Thereafter, the second supplemental affidavit of Bruce O. Baumgartner was submitted, dated October 24, 1996. Lyons has objected to every cost set out in what now constitutes the bill of costs, except item (1), $120 “Filing fees”; item (3)a “Service of Subpoenas/Per Diem and Mileage” in the amount of $710 and item (4)b and c “Exhibits” $896.60 and “Depositions” $1,444.
The objection to the court reporter fees for depositions is that “Many of the depositions were taken by Ganz merely for discovery, rather than being necessarily obtained for use in the case.” Opposition to Ganz’s Amended Application ..., served November 5, 1996. I do not find that to be the ease. Originals and one copy were necessarily and appropriately received as stated in the bill of costs.
The travel expenses over 100 miles has to do with seven witnesses transported from Canada to Dallas for trial. Those ex*178penses were necessarily and reasonably incurred.
In Coats v. Penrod Drilling Corp., 5 F.3d 877 (5th Cir.1993), the court approved the district court’s denial of an amount for “blow-ups” used at trial, saying “These expenses are not included in § 1920 and therefore are not recoverable.” Id. 891. The expenses for blow-ups in the amount of $3,166.32 will be disallowed.
Accordingly, the amount of eosts allowable under 28 U.S.C. § 1920 is $28,259.62.

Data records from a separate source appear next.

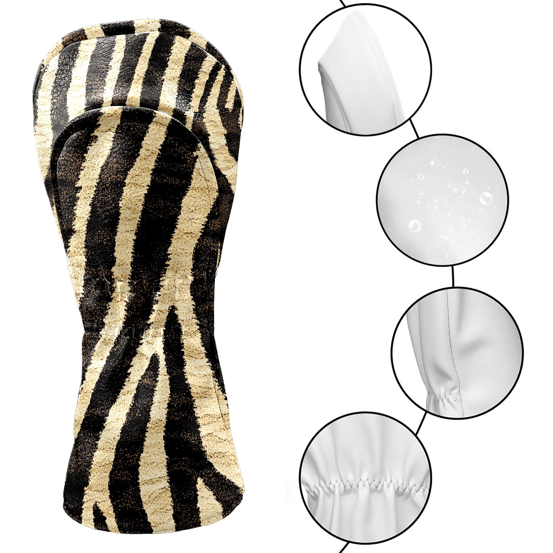 Golf Club Covers Zebra Skin Print Golf Club Head Covers for Driver Fairway Woods Clubs Premium Leather, Waterproof Golf Headcovers with Anti-Scratch Lining for Men Women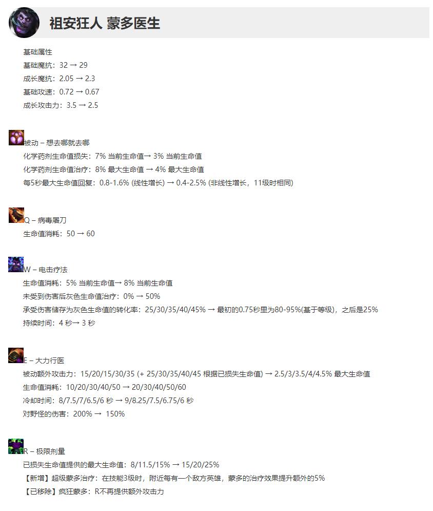 蒙多和泽丽的改动较大,后续可多留意这两个英雄的强度变化。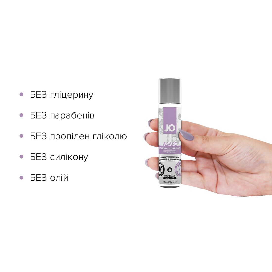 Змазка на водній основі JO AGAPE — ORIGINAL (30 мл) без гліцерину, гліколю та парабенів

Lyons also asks that Ganz be required immediately to pay Lyons the sum of $11,-502.77 for the expense and attorney’s fee related to the taking of the video trial deposition of Sam Ganz. My oral order was that Ganz would be permitted to take the video deposition of Sam Ganz for use at the trial, but that Ganz was to be responsible for Lyons’ expenses in the making of a special trip to Toronto for that deposition, including its actual attorneys’ fees, except those incurred during the actual examination. It is also true that on inquiry by counsel for Ganz I said that Ganz could not have taxed as costs the expense of that Ganz video deposition. I cannot be certain that the bill of costs does not include the cost of that video deposition of Sam Ganz. If it does, it should not, and counsel are directed to inform me promptly if it is so included, whereupon it will be disallowed.
The defendant is entitled to payment of its expenses, including attorney’s, fees except those incurred during the actual taking of the deposition (because that time and energy would have been spent if the plaintiffs examination had been done by way of cross-examination at the taking of the first Ganz deposition) in making the trip to Toronto for the plaintiffs taking of Sam Ganz’ deposition. But the defendant must first deliver to the plaintiff an itemized statement of the attorney’s fee request and expenses of the trip.
IT IS ORDERED that:
1. the memorandum and order on motion of Ganz for recovery of attorney’s fees and expenses, dated October 8,1996, is withdrawn, insofar as it says that Lyons’ objection to an award of attorney’s fees to a limited partnership is not well taken;
2. Lyons’ request for reconsideration in part of order on motion of Ganz for recovery of attorney’s fees and expenses, dated November 5, 1996, is granted;
3. when a judgment is entered for the plaintiff, it shall not include any allowance for an attorney’s fee;
4. when a judgment is entered for the plaintiff, it shall include costs in the amount of $28, 259.62, subject to change if the plaintiffs expenses in taking the deposition of Sam Ganz in Toronto is included in the bill of costs; the plaintiffs counsel shall inform the court and the defendant within 7 days of the fact in that regard; and
5. Lyons’ request for order on costs against Ganz, dated November 5,1996, is reserved, pending presentation to the plaintiff of an itemization of the attorney’s fée request and expenses of the Toronto trip.